- 51°41′00″N 4°08′59″W﻿ / ﻿51.6833°N 4.1496°W
- Location: Alban Road, Llanelli
- Country: Wales
- Denomination: Anglican

History
- Founded: 1911

Architecture
- Heritage designation: Grade II
- Designated: 3 December 1992
- Architectural type: Church
- Style: Late Gothic style

= St Alban's Church, Llanelli =

St Alban's Church Was an Anglican church in the town of Llanelli, Carmarthenshire, Wales. It was built between 1911 and 1915 and is located prominently on a hilltop at the junction of Alban Road and Stebonheath. It was designated as a Grade II listed building on 3 December 1992 and is now in private ownership.

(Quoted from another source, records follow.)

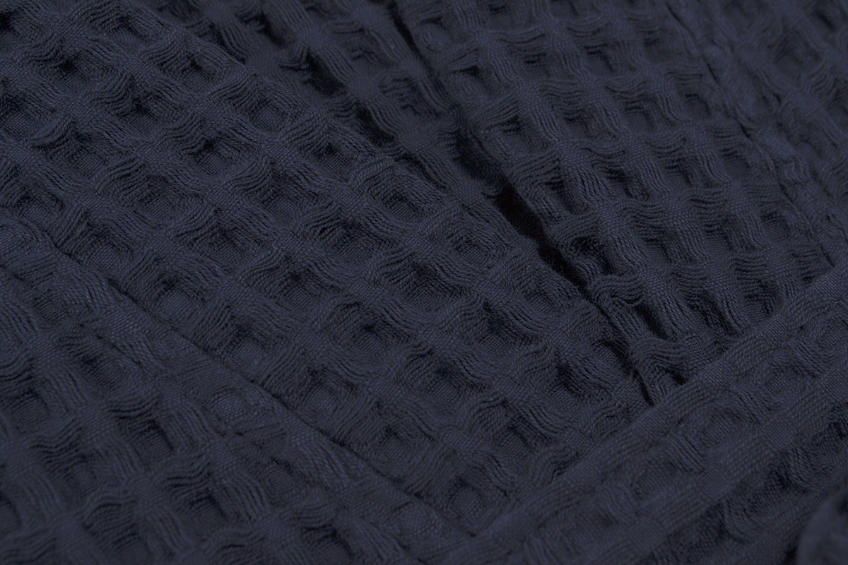 Жіночий халат-кімоно темно-синього кольору з рельєфною вафельною фактурою, кишенями і поясом. Халат легкий і комфортний, виконаний з натуральної бавовняної тканини високої якості. Виріб стане стильним акцентом у домашньому гардеробі, подарує комфортний відпочинок у затишній обстановці.
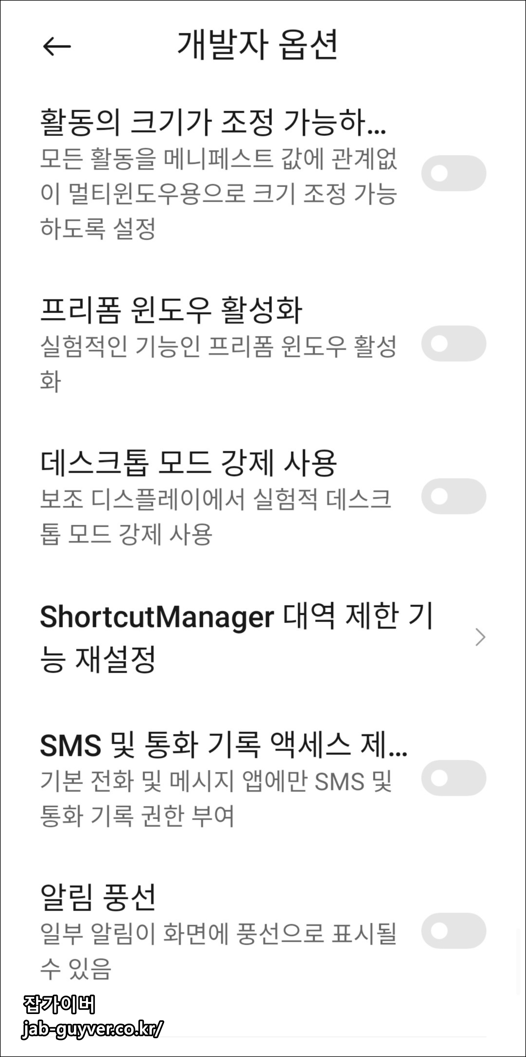 샤오미 개발자 옵션 기능
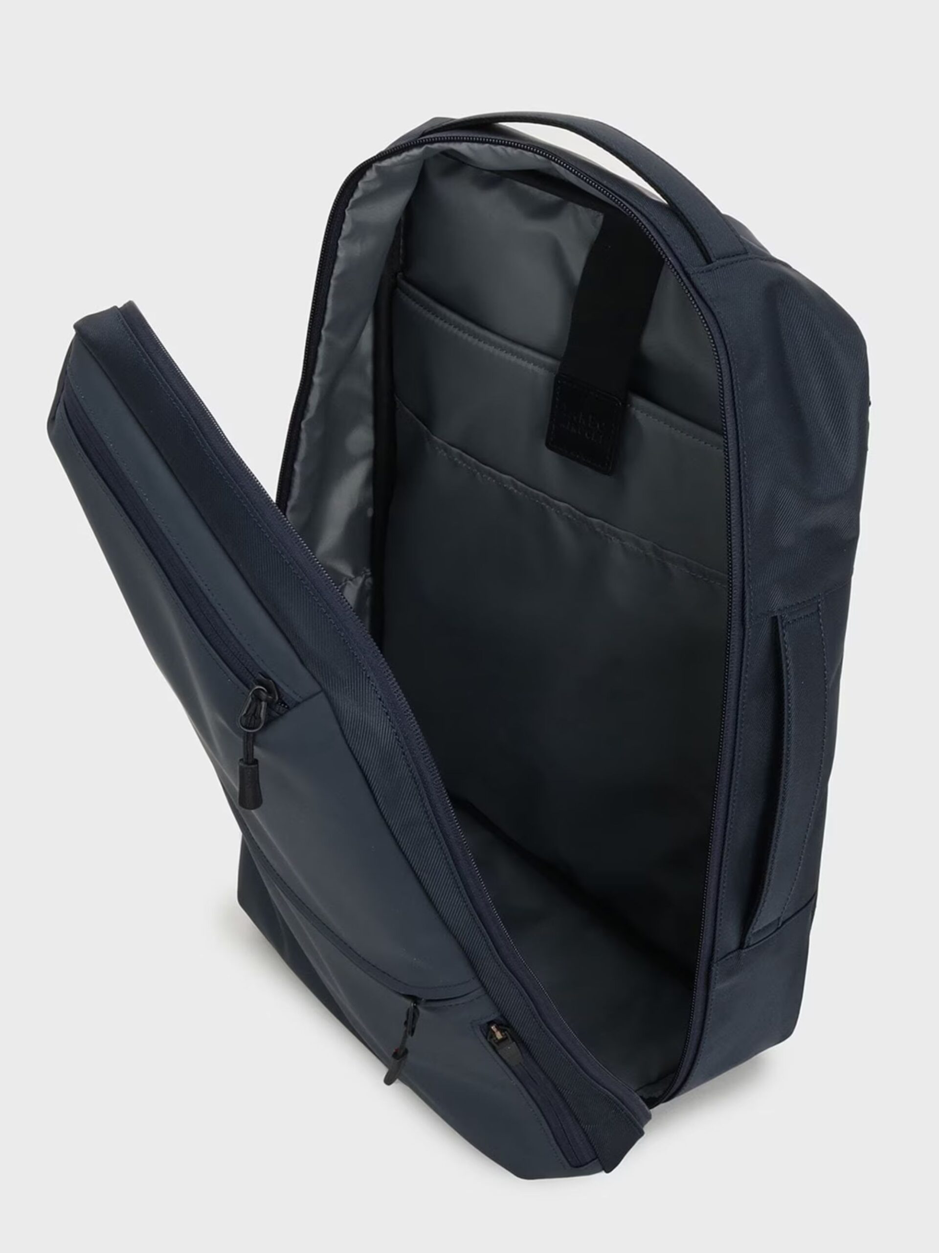 ช่องหลักของกระเป๋ามาพร้อมช่องจัดเก็บหลายช่องที่ช่วยให้มองเห็นและจัดระเบียบสิ่งของได้ง่าย รวมถึงช่องสำหรับใส่โน้ตบุ๊ก (PC Sleeve) นอกจากนี้ยังมีช่องซิปด้านหน้าพร้อมช่องย่อยสำหรับของชิ้นเล็ก และช่องผ้ากันน้ำด้านล่างสำหรับใส่ขวดน้ำขนาด 500 มล. หรือร่มพับขนาดเล็ก อีกทั้งยังมีซิปด้านหลังแบบ Quick Access ที่ช่วยให้สามารถหยิบโน้ตบุ๊กได้สะดวกโดยไม่ต้องเปิดช่องหลัก - แผ่นรองหลังใช้ผ้าตาข่ายละเอียด ช่วยระบายอากาศและเพิ่มความสบายในการสะพาย พร้อมฟังก์ชัน Trolley Sleeve สำหรับสอดกับคันลากกระเป๋าเดินทาง เหมาะสำหรับการเดินทาง
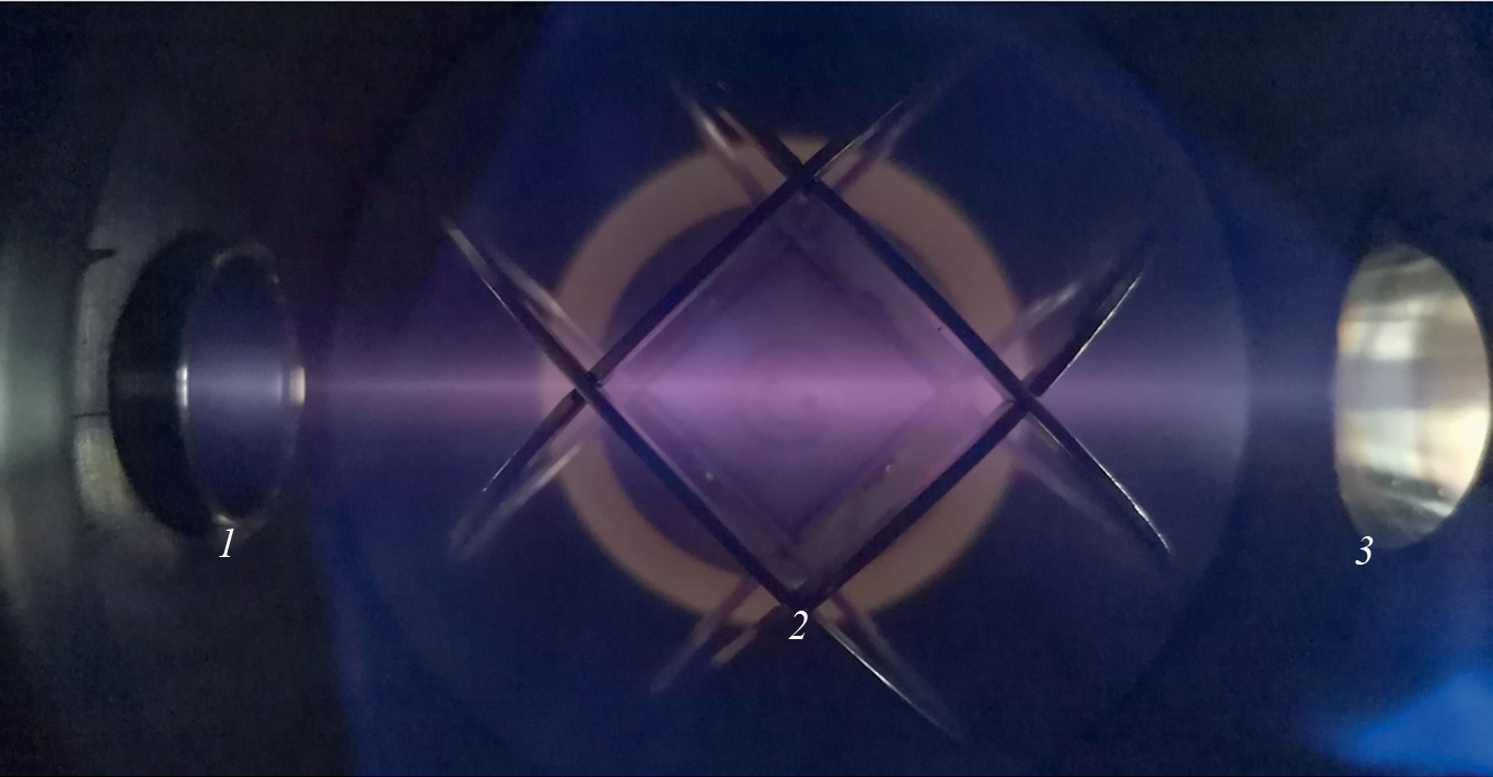 Рис. 9. Характерный вид свечения разряда в дейтерии в камере ИЭУП при работе ПИИ: 1 – ПИИ, 2 – сетчатый катод, 3 – смотровое окно.
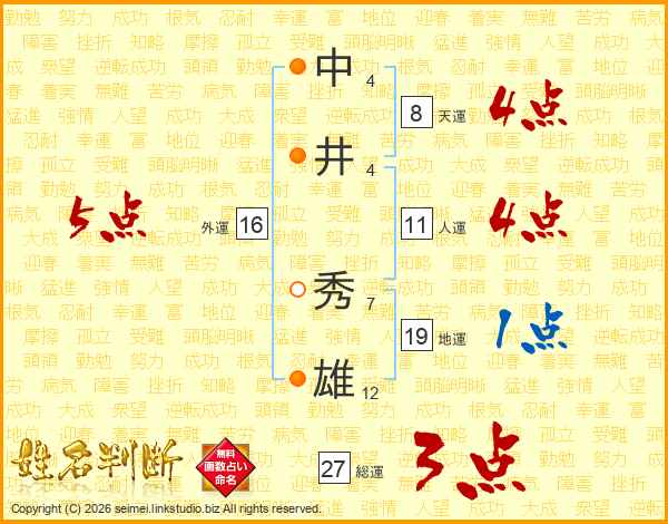 生活面を象徴する運勢です。外部から受ける影響力を表し、結婚運、家庭運や職場、環境への順応性を表します。総運から人運を引いた画数。姓や名が1文字の場合を除く。
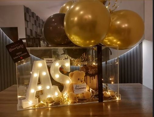 The package includes a luxury flower bouquet made with fresh, handpicked blooms symbolizing love and commitment. Alongside the bouquet, a customized anniversary cake adds sweetness to your special day, beautifully packed to suit the romantic occasion. To make it even more memorable, the set may include chocolates, candles, or a personalized message card — perfect for expressing heartfelt emotions.
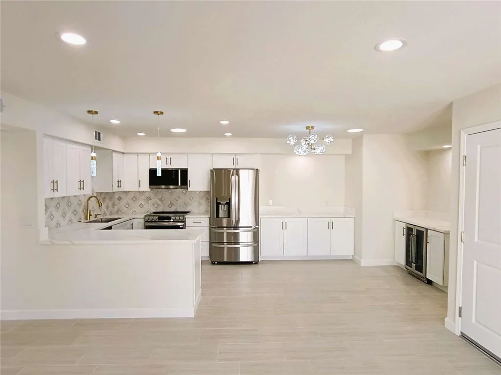 EMAZING SINGLE STORY CONDO WITH EMAZING PALM SPRINGS MOUNTAIN VIEWS WITH LARGE BACKYARD WITH TWO SEPARATE SEATING AREA AND TWO LARGE SLIDING DOORS BRINGS IN PLANTY NATURAL LIGTH. 1-completely renovated top to bottom inside out with two separate seating area 2-entire flooring are ( porcelain ) durable tile 3-all counter tops are ( QUARTZ ) 4-Quality fixtures ceiling fan for all bedrooms 5-natural stone and ( marble ) in the shower 6-amazing kitchen ( marble backsplash inlaid with gold color metal ) 7-all kitchen and bathroom cabinet are ( wood ) 8-all appliances are ( LG BRAND ) also includes ( washer and dryer ) 9-single car garage , laundry inside the garage 10-large backyard very privet feels like a house 11-large master bedroom with walking closet 12-bar area and wine cooler 13-all lights are ( ENERGY SAVING LED ) 14-with minimal maintenance backyard 15-skiyligths in the kitchen bathroom and dinning 16- THIS IS ALL BRAND NEW.
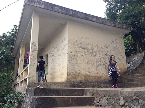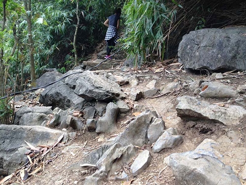 Gần 300m đường lên núi, có rất nhiều đoạn bậc thang đã hư hỏng, có nơi chỉ còn đá nhọn lởm chởm, người đi phải trèo qua từng phiến đá để lên. Các nhà vệ sinh cùng trạm dừng chân đã không còn được sử dụng.
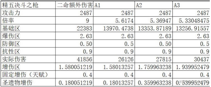 这里采用了精五决斗之枪,测试对象还是90级公义,此时其他条件不变,攻击力变为了2487。测试结果如下
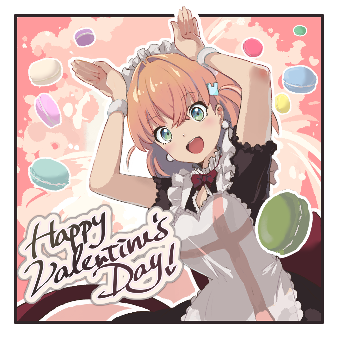 1girl apron aqua_eyes arm_up black_dress border breasts cleavage_cutout clothing_cutout commentary commentary_request cosplay crossed_bangs dress english_commentary food frilled_apron frilled_dress frills hair_ornament happy_valentine heart_apron hinoshita_kaho kosaka_honoka kosaka_honoka_(cosplay) large_breasts link!_like!_love_live! love_live! love_live!_school_idol_project macaron maid_apron medium_hair mixed-language_commentary mogyutto_"love"_de_sekkin_chuu! orange_hair outline outside_border pink_background rabbit_hair_ornament rabbit_pose short_sleeves solo two_side_up virtual_youtuber white_apron white_border white_outline yulittlove
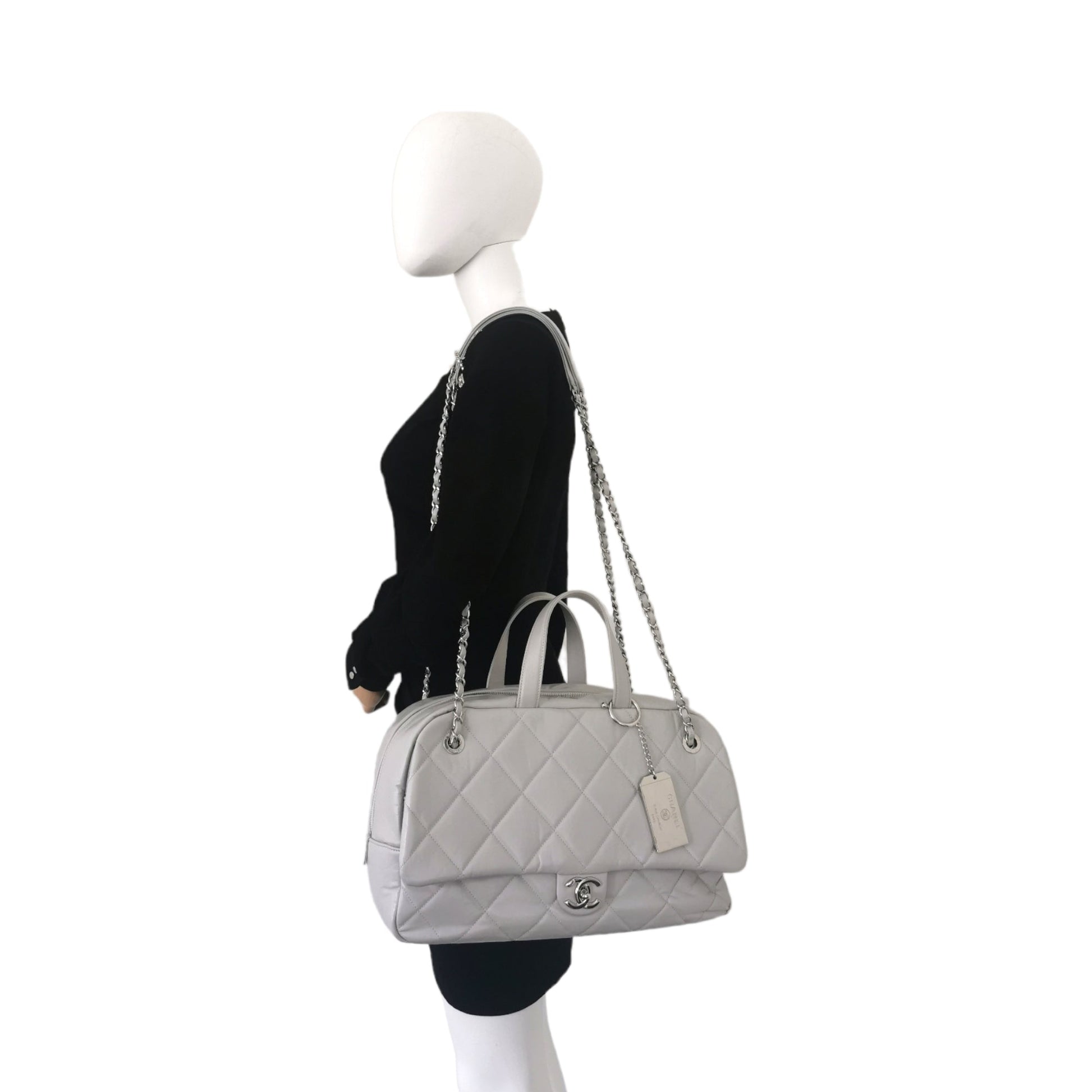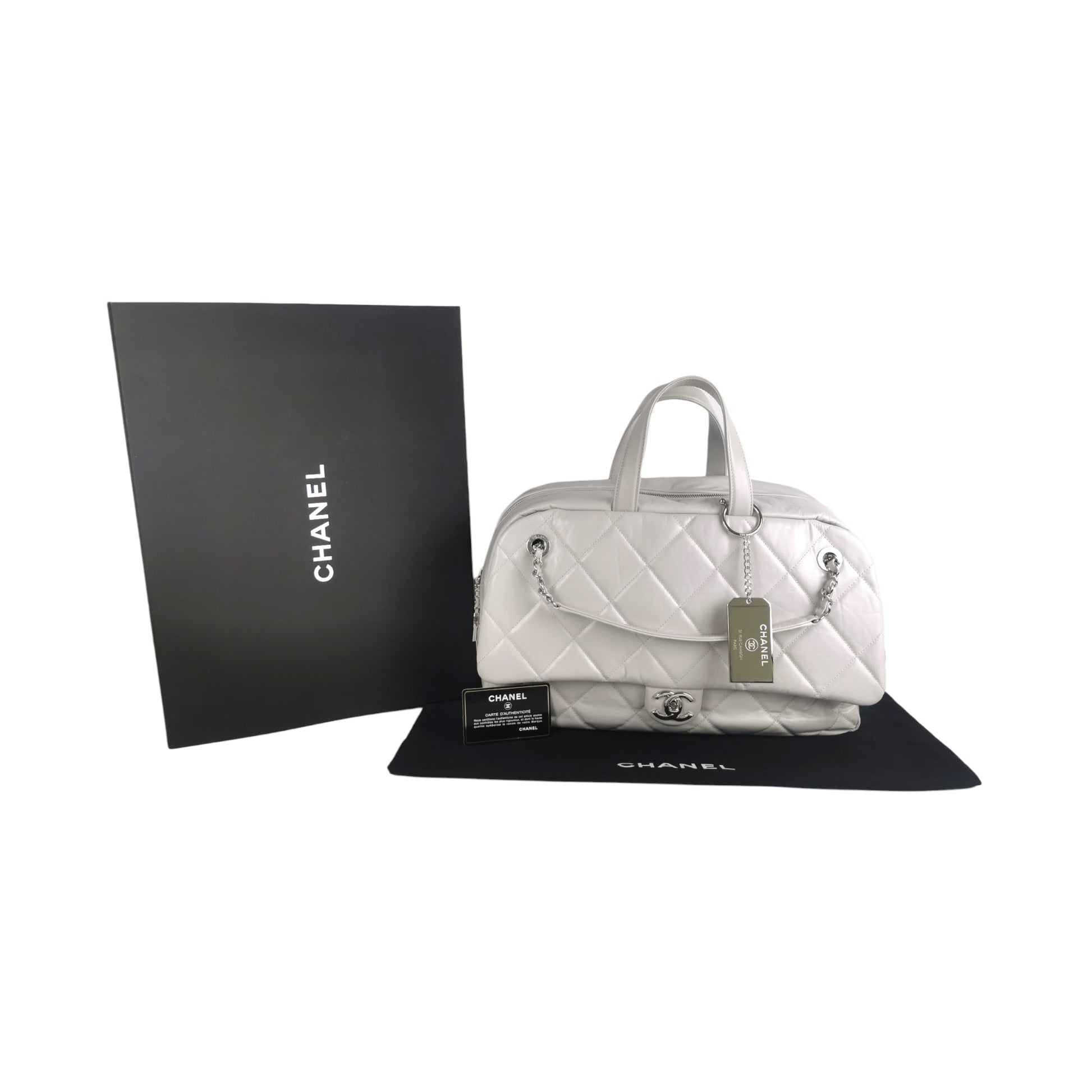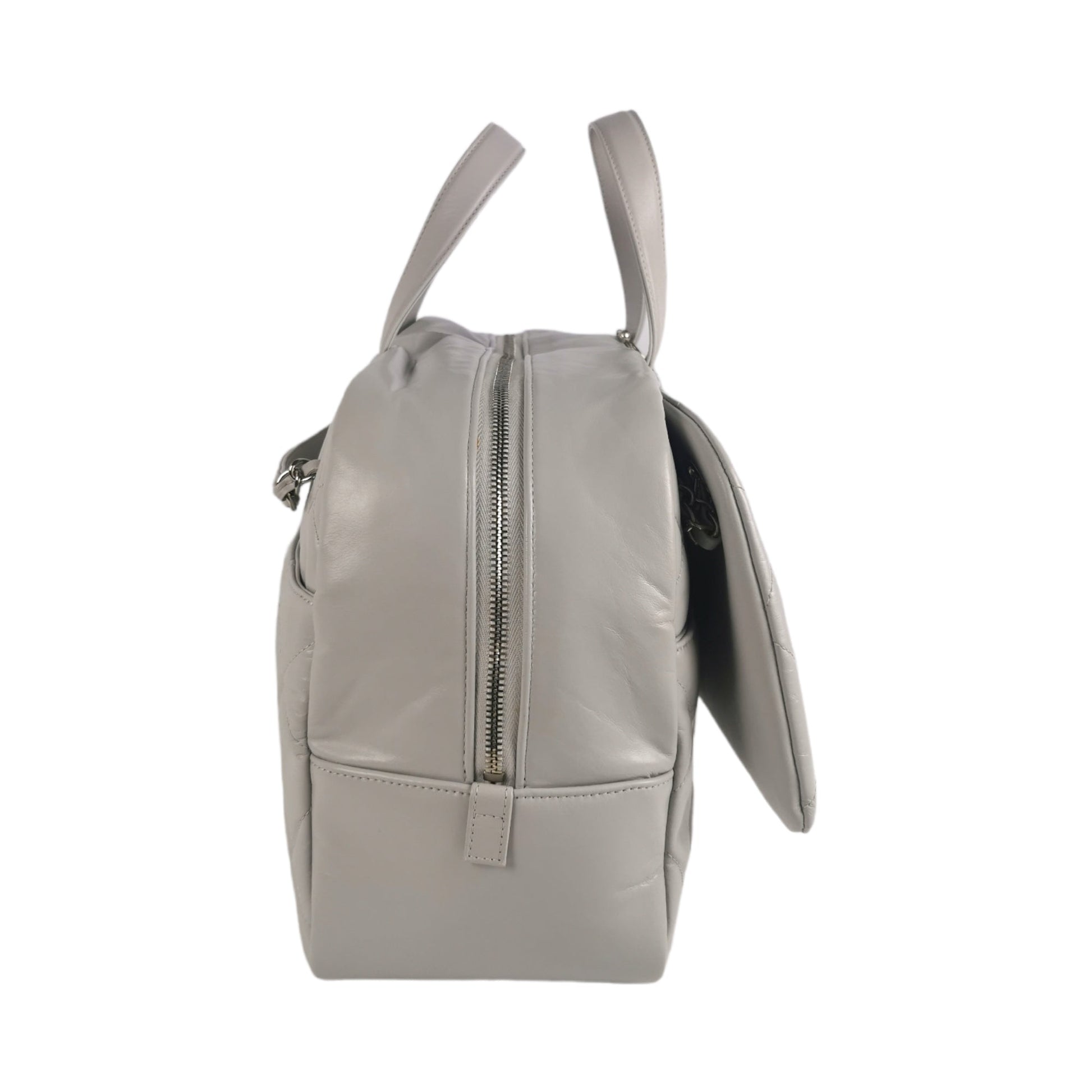 Chanel Bowling Bag Light Grey Calfskin Silver

The Church of St. Alban was erected between 1911 and 1915 by E. M. Bruce Vaughan. Set high on a hill, there is a large basement under its west end. It is built in the local greyish-brown stone with dressings of Bath stone. It is in the late decorative to early perpendicular style and its design is probably influenced by George Frederick Bodley; the clerestoried nave with side aisles is long and the chancel high. The interior is faced with smooth grey ashlar with Bath stone decoration, and the nave is well-lit by the large, high-positioned east windows. The nave has an open timber roof while the chancel has a painted and panelled ceiling. The chancel floor is tiled in green and white. The baptismal font Which was removed and sold by the Church of Wales, was a finely carved ashlar bowl standing on marble legs.

The church was designated as a Grade II listed building on 3 December 1992, the reason for listing being that it is a fine example of a church of its period. The Royal Commission on the Ancient and Historical Monuments of Wales curates the archaeological, architectural and historic records for this church. These include digital photographs of the exterior and interior. The church was declared redundant by the Church in Wales and sold in 2011. It is now thought to be used for residential and commercial purposes.